Redpanda’s Raft consensus isn’t just about picking a leader; it’s about ensuring that every node in the cluster agrees on who the leader is, even when nodes are failing, joining, or experiencing network partitions.
Let’s watch a cluster of three Redpanda nodes (node1, node2, node3) elect a leader. Imagine they’ve just started up. No one is the leader yet.
# On node1
rpk cluster config get --format json | jq '.raft.id'
# Example output: null (no leader yet)
# On node2
rpk cluster config get --format json | jq '.raft.id'
# Example output: null
# On node3
rpk cluster config get --format json | jq '.raft.id'
# Example output: null
Now, one node, say node1, will proactively initiate the election process by becoming a "candidate." It increments its "term" number (a logical clock for the cluster) and sends "RequestVote" RPCs to all other nodes.
# On node1 (after it becomes a candidate)
# Internally, Redpanda logs will show:
# "Sending RequestVote to node2 with term X"
# "Sending RequestVote to node3 with term X"
When node2 and node3 receive this RequestVote RPC, they check if the candidate’s term (X) is greater than or equal to their current term. If it is, and if they haven’t already voted in this term, they grant their vote to node1. They then reply with a "VoteResponse" indicating success.
# On node2 (receiving RequestVote from node1)
# Internally, Redpanda logs will show:
# "Received RequestVote from node1, granting vote for term X"
# On node3 (receiving RequestVote from node1)
# Internally, Redpanda logs will show:
# "Received RequestVote from node1, granting vote for term X"
If node1 receives votes from a majority of the nodes in the cluster (in this case, 2 out of 3), it transitions to the "leader" state. It then starts sending "AppendEntries" heartbeats to all other nodes to assert its leadership and replicate any new data.
# On node1 (after receiving enough votes)
# Internally, Redpanda logs will show:
# "Became leader for term X"
# "Sending AppendEntries heartbeat to node2"
# "Sending AppendEntries heartbeat to node3"
# On node1
rpk cluster config get --format json | jq '.raft.id'
# Example output: "node1" (or its UUID)
# On node2
rpk cluster config get --format json | jq '.raft.id'
# Example output: "node1" (or its UUID)
# On node3
rpk cluster config get --format json | jq '.raft.id'
# Example output: "node1" (or its UUID)
The key to Raft is that a node can only become leader if it has received votes from a majority. This ensures that there’s never more than one leader in a given term. If a node receives an AppendEntries RPC from a different node claiming to be the leader in a higher term, it will reject the current leader and step down, potentially initiating a new election.
The crucial part of Redpanda’s Raft implementation is how it handles the configuration changes. When you add or remove nodes, the cluster doesn’t immediately re-elect. Instead, the leader orchestrates a joint consensus configuration change. This involves a two-phase commit: first, a configuration where both the old and new configurations are valid (meaning a majority can be formed from either set of nodes), and then, once that’s committed by a majority, the new configuration becomes active. This prevents situations where a split-brain scenario could occur during configuration transitions.
The rpk cluster config command is your window into this. It shows the current raft.id (which is the ID of the leader) and the raft.conf which details the current membership of the cluster. When you use rpk cluster config bootstrap or rpk cluster join, you’re essentially telling a node about the existing cluster’s configuration and its potential leader, which helps it synchronize and participate in consensus.
The Raft algorithm is designed to be fault-tolerant, but it relies on a consistent view of the cluster membership.
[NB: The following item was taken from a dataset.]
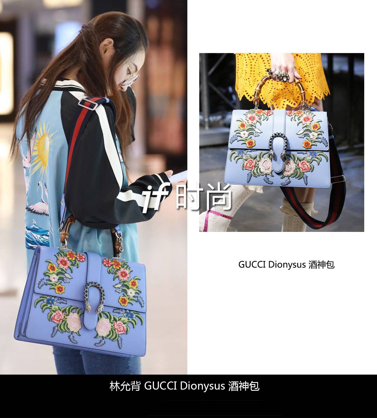 酒神绝对能称作Gucci 新经典,水蓝色和花朵元素,配上酒神特有的竹节和蛇头扣,清新碰撞复古。
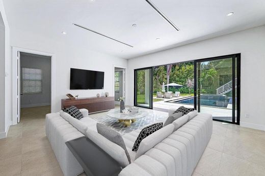 Built in 2023 and located on treelined intracoastal block in SOSO. Mediterranean inspired residence offers 4BR/4.5BA in the main house with high ceilings, open-concept living, and media room. Chef kitchen features built-in Thermador appliances, built in pantries, and custom closets throughout. The primary suite includes a private balcony. Separate guest studio with a full bath that offers fixable space for visitors, a home office or extended stays. Includes one car garage. Enjoy outdoor large lounging area pool, and hot tub in a private gated backyard. A true turn key oasis in an exceptional location.

If a node thinks it’s part of the cluster but the actual leader doesn’t, or if network partitions prevent communication, you can run into issues.
If you’re seeing rpk cluster config get return null for the raft.id for an extended period, it usually means a leader hasn’t been successfully elected. This often happens if new nodes can’t reach any existing nodes to request votes or if the initial bootstrap configuration was incorrect and no node has enough peers to form a majority. In such cases, you’d typically check Redpanda’s logs on each node for RequestVote and VoteResponse messages to see where the communication is breaking down.
Understanding the term numbers and the majority rule is paramount. A candidate only wins if it gets votes from more than half of the current cluster members. This is why a node that is partitioned away cannot become a leader and also cannot prevent the remaining nodes from electing a new leader.
The next concept you’ll likely encounter is how Raft handles log replication, which is the mechanism by which the leader ensures all nodes have the same sequence of operations applied to their state machines.